Preqin’s research suggests that investors remain keen to invest in infrastructure funds and assets over the long term. As of August 2011, Preqin has profiles for over 1,190 institutional investors actively investing in infrastructure opportunities and over 130 other institutions that were considering establishing maiden allocations to the asset class.
The results of our June 2011 infrastructure investor study illustrate the growing importance of infrastructure assets as part of an institutional investor’s portfolio. 62% of investors plan to continue investing in unlisted infrastructure funds over the long term, while 22% expect to make direct investments and 18% plan to make co-investments in the future. 36% of surveyed investors expect to increase their allocations to infrastructure opportunities going forward and only 9% do not plan to invest at all.
In the 12 months following June 2011, 40% of investors plan to commit to at least one unlisted infrastructure fund, while a further 22% will invest on an opportunistic basis. The growth in popularity of direct infrastructure investment is also apparent, with 6% of investors planning to make direct investments in infrastructure assets over the coming year.

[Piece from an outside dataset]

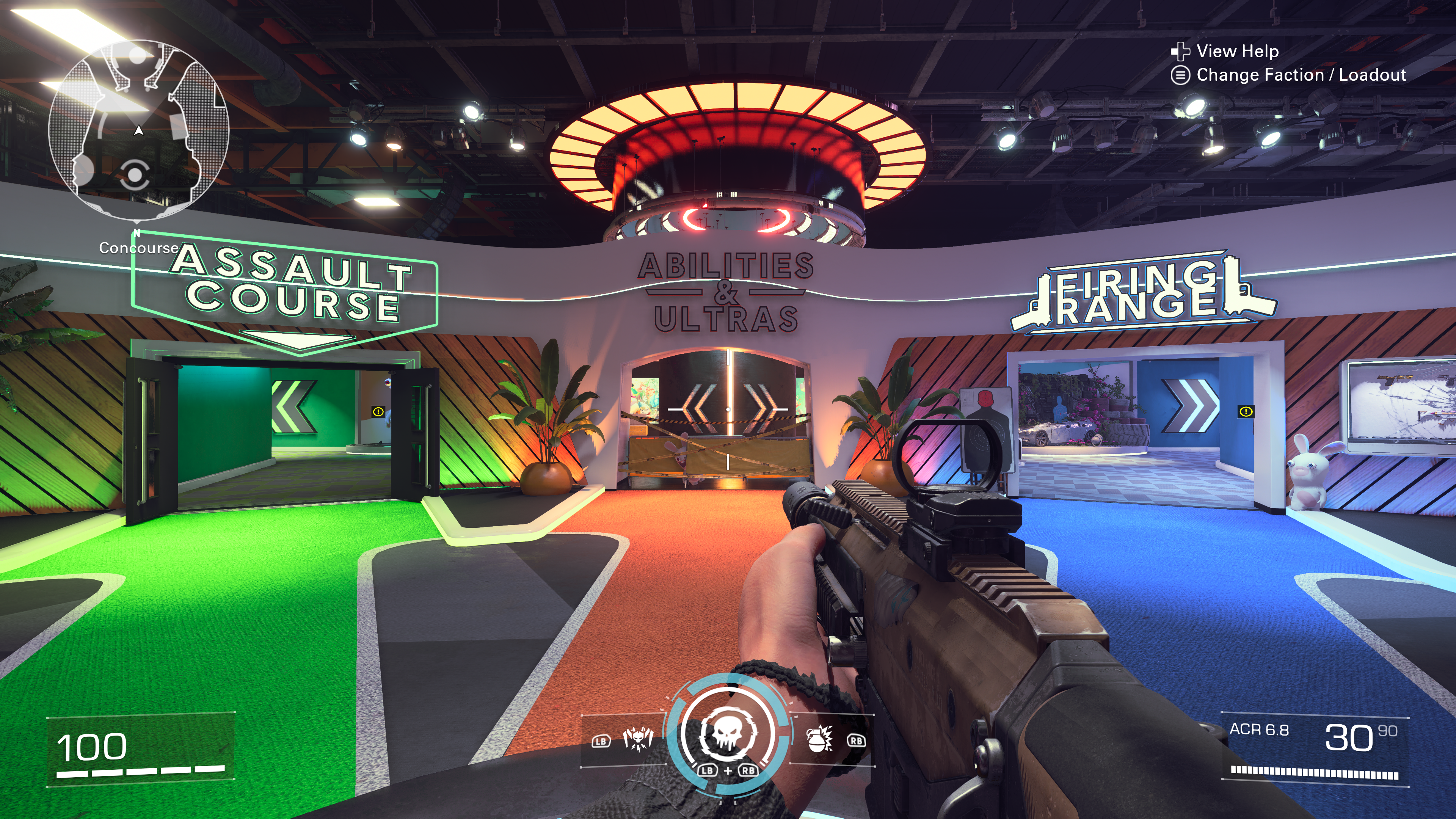 If you’re wanting to learn about or experiment with different loadouts or factions, you can head to the Practice Zone. It’s a work in progress still, but you can visit the Firing Range inside to test out different guns and then head over to the Assault Course to test your skills in a time trial. There’s also an Abilities & Ultras section, however that section is still under construction, or the Rabbids broke it. Yes, Rabbids! The Practice Zone is the big Easter Egg dump of XDefiant. There’s a Rabbid stuck in the barrier that blocks off the Ultras & Abilities section. You’ll find references to a lot of Ubisoft’s IPs like Assassin’s Creed, Immortals Fenyx Rising, Rabbids, Far Cry, The Crew, Just Dance (DDR style), Rider’s Republic and others. However, even though the Rabbids broke the Ultras & Abilities area, you can still unleash them in the concourse.

This study suggests a return of investor confidence and appetite for infrastructure assets following the financial crisis. It also illustrates that the alignment of LP and GP interests is slowly improving, with the proportion of investors citing both management fees and carry structures as areas in which the alignment of interests could be improved falling by 10 and 19 percentage points respectively from those stating the same in June 2010. At the same time, the proportion of investors believing hurdle rates to still be a major issue increased slightly.